2009 Portland GSA Annual Meeting (18-21 October 2009)

Paper No. 15
Presentation Time: 5:15 PM

MAMMOTH BURPS: DID HUMAN IMPACTS ON THE ENVIRONMENT PREDATE THE HOLOCENE?


SMITH, Felisa, Biology, University of New Mexico, MSC 03-2020, 1 University of New Mexico, Albuquerque, NM 87131, ELLIOTT, Scott M., Climate, Ocean, Sea Ice Modeling Team, Los Alamos National Laboratory, Los Alamos, NM 87545 and LYONS, S. Kathleen, Department of Paleobiology, National Museum of Natural History, Smithsonian Institution, P.O. Box 37012, Washington, DC 20013, fasmith@unm.edu

The human-mediated extinction of large herbivorous megafauna in the late Pleistocene had profound effects on terrestrial community structure and function, but may also have influenced atmospheric gas exchange.
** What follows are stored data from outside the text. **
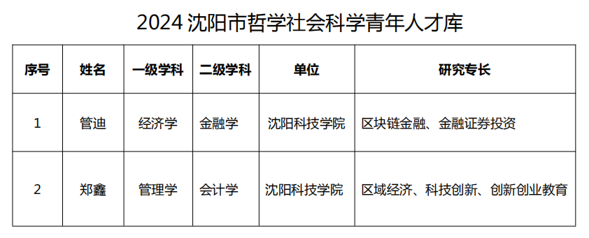 近日,沈阳市哲学社会科学规划办公室发布了《关于发布2024沈阳市哲学社会科学青年人才库的通知》,我校经济系教师管迪、管理与传媒系教师郑鑫成功入选。
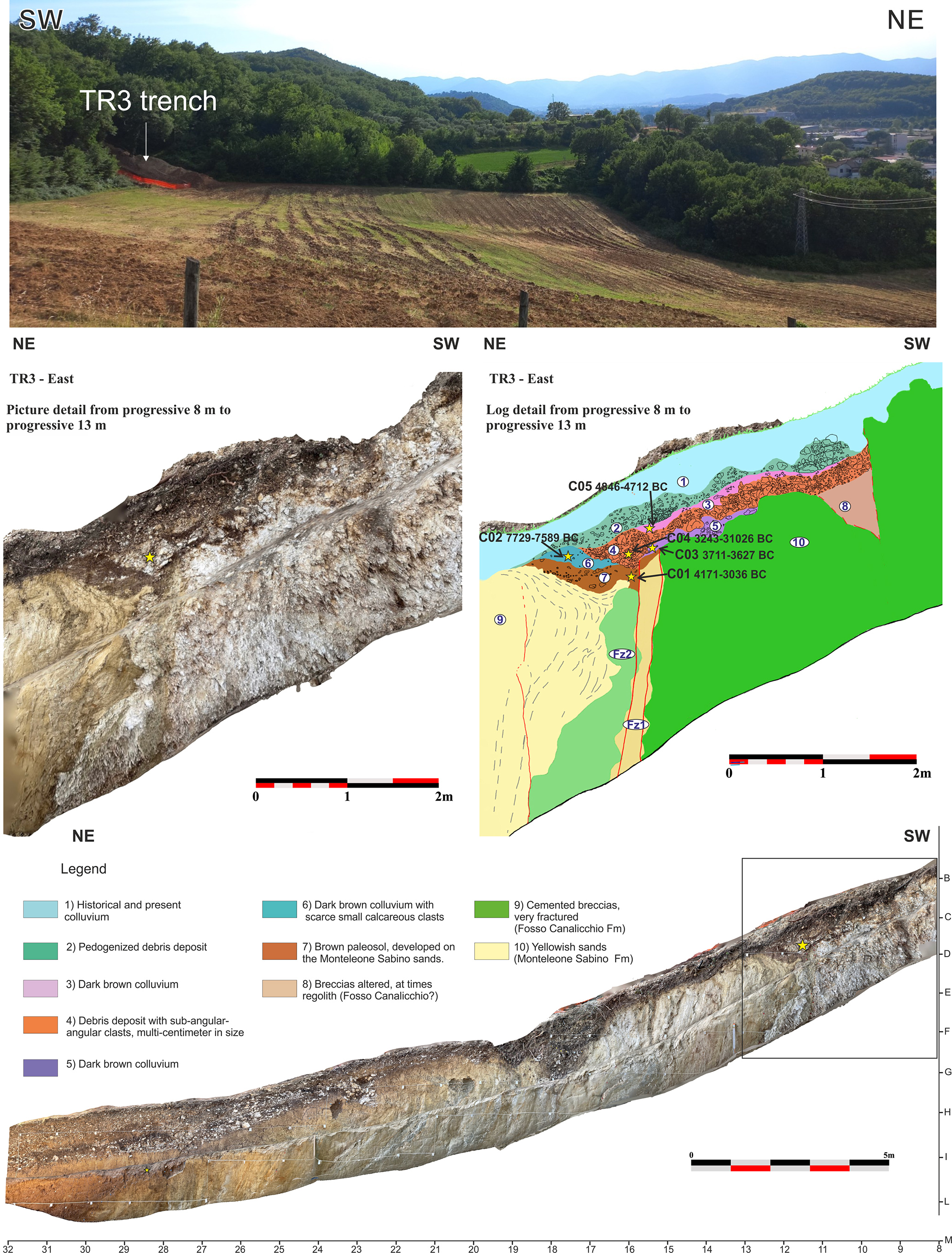 The excavation began where a fault outcrops in the cemented breccia of the Fosso Canalicchio Synthem (basal Lower Pleistocene in age), where the trench walls revealed open fractures filled by colluvial deposits. The breccias present sub-angular to angular clasts with generally centimetric up to decimetric diameters. The fracture, visible at progressive 1 m of the E trench wall (Fig. 12), is filled by brown paleosols that were sampled at different depths. The calibrated ages of the lower sample C06 and of the upper sample C07 resulted in 4988–4797 BCE (95.4 %) and in 326–424 CE (78.6 %), respectively. Since the filling of a seismic-induced open fracture supposedly occurs just after the event, an event should be dated just before 326–424 CE and another just before 4988–4797 BCE.
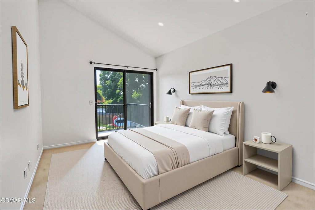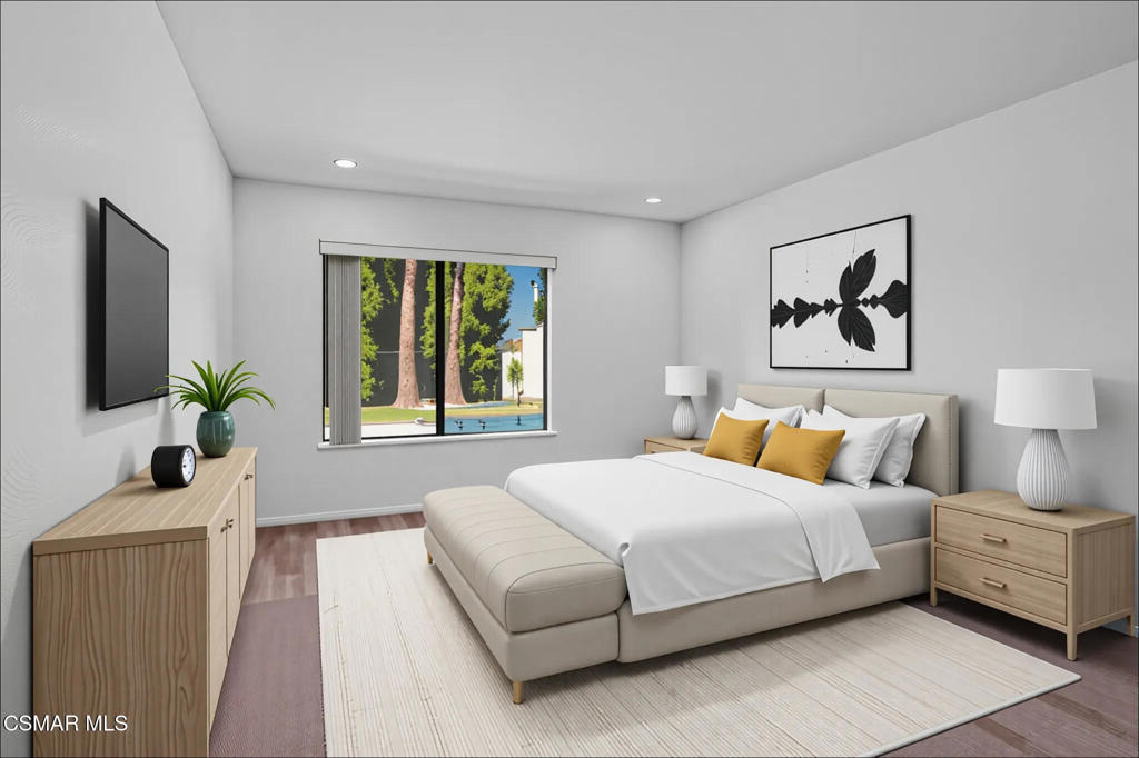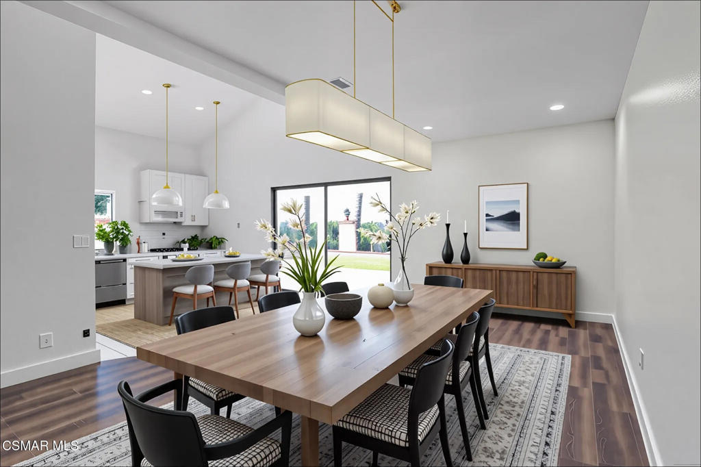Welcome to this stunning 4-bedroom, 3-bathroom home, tucked away on a quiet and private cul-de-sac in one of Western Simi Valley's most sought-after communities. With breathtaking views, a sparkling pool and spa (re-plastered in 2025), and an entertainer's dream backyard, this home truly has it all. Step inside to a grand living space featuring soaring vaulted ceilings, recessed lighting, and a classic brick fireplace. A flexible bonus area off the living room is perfect for a formal dining room or home office. The spacious kitchen opens to a large, versatile area that can function as a dining room or family room--complete with a convenient wet bar and direct access to the backyard. Downstairs, a guest bedroom with pool views and a full bathroom offers comfort and convenience for visitors. The recently remodeled staircase leads to new laminate flooring that flows seamlessly through the upper hallway. Upstairs, the expansive primary suite showcases panoramic mountain views, while the two guest bedrooms feature vaulted ceilings, recessed lighting, and private access to a large shared balcony. The entertainer's backyard is a true retreat, offering a newly plastered pool and spa, brand-new artificial turf, a large covered patio, a built-in gas fire pit, and a side yard with real grass--perfect for pets or play. Save on utilities with 2024-installed solar panels and Tesla batteries, providing energy efficiency and peace of mind. Don't miss this rare opportunity to own a beautifully updated home with unmatched views, privacy, and lifestyle amenities in a prime Simi Valley location.

Herbivorous mammals are major producers of methane, a potent greenhouse gas with a high global warming potential; domestic livestock currently contribute ~20% of the annual input. Here, using allometric relationships between body mass and density, methane production and estimates of geographic range, we calculate the annual decrease in methane production resulting from the extinction of 114 species of large-bodied herbivore from the Americas ~13,400-11,500 ybp. Our results suggest a loss of at least ~9.6 Tg (upper limit, 25.5 Tg) CH4 annually, sufficient to explain a significant portion (12.5-100%) of the ~200 ppbv drop detected in isotopic analyses of ice-core records. We suggest humans measurably influenced global biogeochemical processes long before the development of agriculture, complex civilizations and the obvious impacts of the industrial age.